2. A network administrator has been provided with the following block of class A IP addresses: 12.24.0.0/21.
He has been asked to create at least 3 subnets with equal size netmasks, and the number of the hosts per subnet are 31, 13 and 47. He prefers to use small subnets over large subnets in order to assign hosts to new subnets in case of future needs.
A. What is the new netmask?
B. What are the ranges of the first three and the last subnet?
C.What are the network and broadcast addresses within these subnets?
D.What is the number of IP addresses available for host – assignment in these subnets?
E. Manually summarize the first 4 subnets
F. What would be the effect of using “no subnet-zero” in the router’s configuration?
Solution:
A. In this case the administrator prefers to create more subnets with less hosts than vice versa. Hence he will determine the minimum amount of hosts bits needed for subnetting.
The largest subnet requires 47 hosts or more.

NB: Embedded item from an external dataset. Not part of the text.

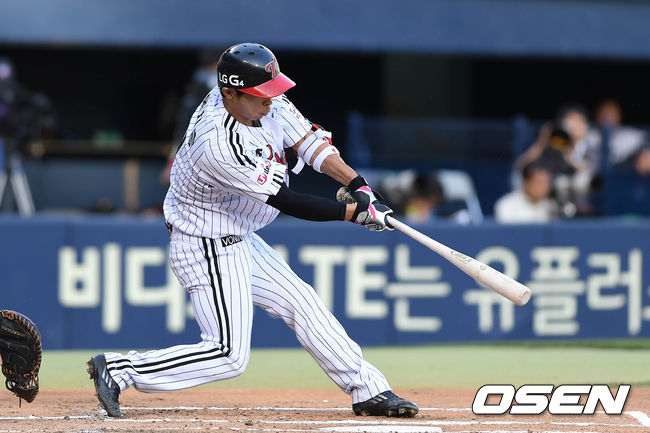 26일 오후 서울 잠실야구장에서 열린 '2015 타이어뱅크 KBO 리그' LG 트윈스와 kt 위즈의 경기, 1회말 무사 주자 3루 LG 황목치승이 1타점 적시타를 치고 있다.

The smallest number of hosts bits that fulfills this requirement is 6, since (2^6-2)=62 hosts / subnet. This leaves 26 bits for the netmask, so the netmask will expand from /21 → /26, which corresponds to a new netmask of: 255.255.255.192.
B. The number of bit available for subnetting is 5. This will allow us to create 2^5 = 32 subnets.
A few will be shown here:
All IP addresses start with: 12.24.
[0.0 – 0.63] [1.0 – 1.63] etc etc…
[0.64 – 0.127] [1.64 – 1.127]
[0.128 – 0.191] [1.128 – 1.191]
[0.192 – 0.255] [1.192 – 1.255]
The last subnetwork is: 12.24.[ 7.192– 7.255]
C. Again the lowest and highest addresses in each individual subnet, eg 12.24.0.0 & 12.24.0.63.
D. The number of IP addresses available for host – assignment per subnet is: (2^6-2)=62.
E. Manually summarize the first 4 subnets:
12.24.0.0 → 12 . 24 . 0000 0000 . 0 0 x x x x x x
12.24.0.64 → 12 . 24 . 0000 0000 . 0 1 x x x x x x
12.24.0.128 → 12 . 24 . 0000 0000 . 1 0 x x x x x x
12.24.0.192 → 12 . 24 . 0000 0000 . 1 1 x x x x x x
←———-24———-→
Here the summarized route would be: 12.24.0.0/24
F. Out of a possible 2^5=32 subnets, only 30 would be available, since the lowest and highest subnets would be rendered unusable. In this case the number of subnets remaining would still be sufficient.